For a team who supposedly represent Arsenal's antithesis and a kind of souped-up, uber-physical kryptonite, the Gunners are surprisingly competent at dispatching Tony Pulis's hard-hitting, tough-tackling Stoke City.

The two sides met again on a chilly Saturday afternoon in north London, where Lukas Podolski's 78th-minute deflected free kick saw Arsenal record their 11th successive home win over the Potters. The clubs have developed an odd but entirely modern rivalry, one based not on geography or competition but a clash of philosophies.

Stoke have mellowed somewhat in recent years, tapering their aggressive image and rewriting their antagonistic stereotype – before Saturday's match they had averaged just one yellow card on their last four visits to the Emirates Stadium, a far cry from Ryan Shawcross's leg-breaking challenge on Aaron Ramsey in 2010 that embalmed the club's savage reputation.

MATCH FACTS | Arsenal 1-0 Stoke

Shots
On Target
Possession
Aerial duels won
Tackles won
Passing accuracy
ARSENAL
23
5
66%
52%
90%
88%
STOKE
7
1
34%
48%
67%
73%
Yet something about Arsenal seems to bring out the worst in Pulis's men.
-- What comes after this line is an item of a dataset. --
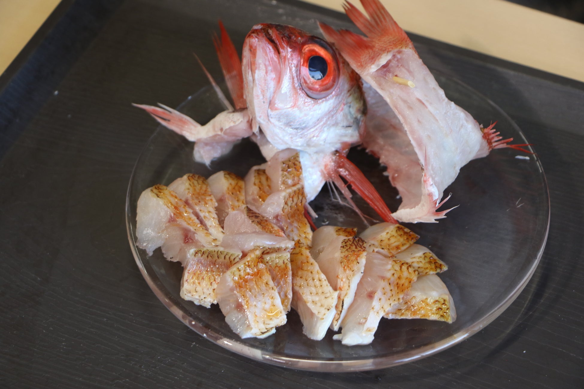 石川といえば、のどぐろも忘れてはいけません。【上島商店】で購入し、イートインコーナーでいただきます。皮目をあぶったのどぐろに、清水は「のどぐろってこんなに美味しかったっけ?!」とこれまたびっくり。
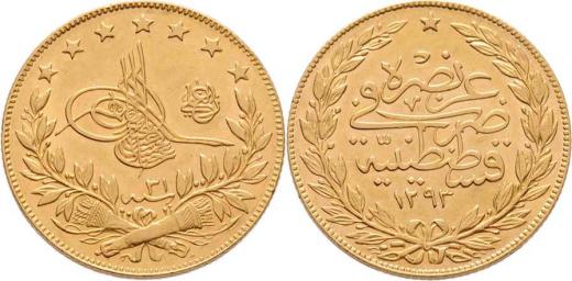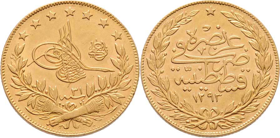 100 Piastr AH.1293, 31.rok vlády (= 1906), KM.730, 7.162g, nep.hr., nep.rysky, téměř

First Theo Walcott was left in a heap by an over-zealous hand-off from Andy Wilkinson, then Shawcross threw himself into a dangerous challenge with Laurent Koscielny, which earned the Stoke skipper a yellow card. Michael Owen rounded off the Potters' ferocious cocktail by aiming a jab in the direction of Mikel Arteta.
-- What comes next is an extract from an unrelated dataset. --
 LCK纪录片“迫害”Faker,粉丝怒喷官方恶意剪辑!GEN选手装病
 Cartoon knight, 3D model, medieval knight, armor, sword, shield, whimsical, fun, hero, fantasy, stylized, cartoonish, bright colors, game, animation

But, unlike in previous years, Arsenal gave as good as they got. Walcott was praised by his manager for his resilience, Jack Wilshere squared up, mano-a-mano, with Owen, and Shawcross ended the match in need of four stitches.

Arsenal's display of true grit was most evident in new signing Nacho Monreal. "There's no better culture shock than Stoke when you come from Spain, because of course they have a very physical game, and I think he dealt well with it," Arsene Wenger enthused after the match.
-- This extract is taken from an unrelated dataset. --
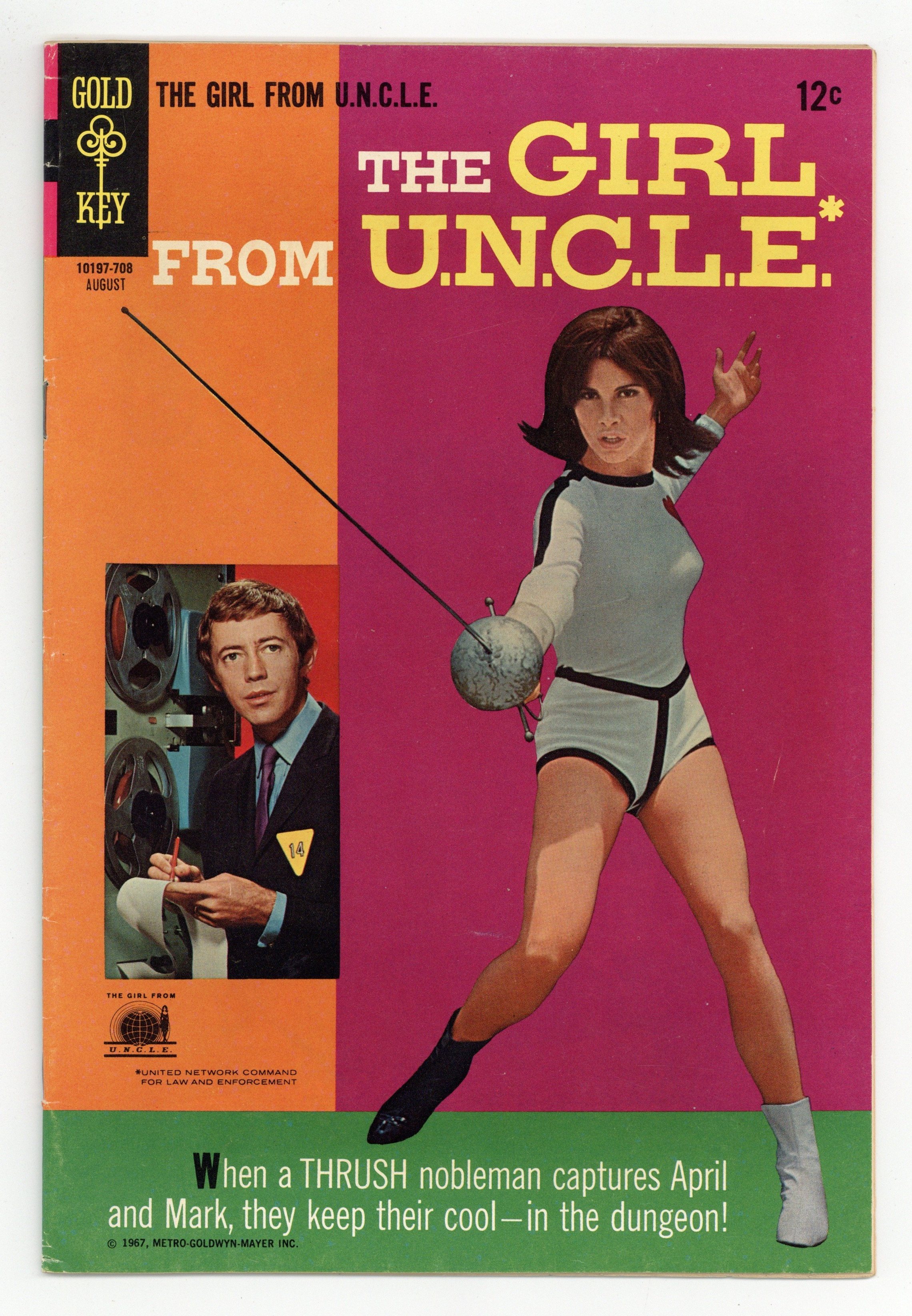 Comic book adaptation of the 1960s spy series "The Girl from U.N.C.L.E.," a spinoff from the popular "The Man from U.N.C.L.E." Photos on front, back, and inside front covers. Issue features "The One-Way Tourist Affair ? Act 1 The Mis-Guided Guide" and "Act 2 Caper in the Castle" in which agents April Dancer and Mark Slate are captured by T.H.R.U.S.H. when they investigate threats to military intelligence. Issue also has one-page features. No story/art credits given. # on cover 10197-708 August Cover price $0.12.

The £8 million acquisition from Malaga was tasked with containing the bullish Jonathan Walters and coped extremely well; Monreal engaged in three aerial duels with the powerful Irishman, winning all three, and even left the Irishman dazed, confused and bloodied after a clash of heads. The Spaniard merely rubbed his temples and carried on, while Walters finished the match bruised, bandaged and requiring six stitches.

Monreal was not overly troubled on his debut, however, and though Arsenal should take heart from their first clean sheet in the league in seven games, it must be caveated that Stoke offered virtually nothing offensively.

The visitors' reputation for anti-football precedes them and their visit to north London was a hugely cautious, defensive affair – perhaps born out of their poor recent form, which had seen them concede 15 goals in their previous five league matches. They committed few men in attack and mustered just one lonely shot on target, a speculative volley from 30 yards by Walters.

THE MATCH-WINNER
PLAYER RATING | LUKAS PODOLSKI

Came on in place of Alex Oxlade-Chamberlain with 20 minutes remaining and made a huge impact. His fizzing free kick deflected off Cameron and flew into the back of the net.
But if the Potters' negativity should downplay Arsenal's defensive showing, then equally it may hint at a burgeoning patience and methodology in the Gunners' attack play.

Wenger's side may have scored more goals (33) at home than any other Premier League side but 23 of those came in just four games (against Southampton, Newcastle, West Ham and 10-man Tottenham). As such, there was a growing sense that the Gunners were mere flat-track bullies, capable of scoring and ripping teams apart only when things were going with them, not against them.

But they were forced to work for their three points on Saturday and fight against both imperious defending and a superb goalkeeping display from Asmir Begovic – Stoke have stifled a number of teams this year and been involved in more goalless draws (five) than any other side. In previous months and years you might have expected Arsenal to wilt in the face of such monolithic and stubborn defending - but not this time.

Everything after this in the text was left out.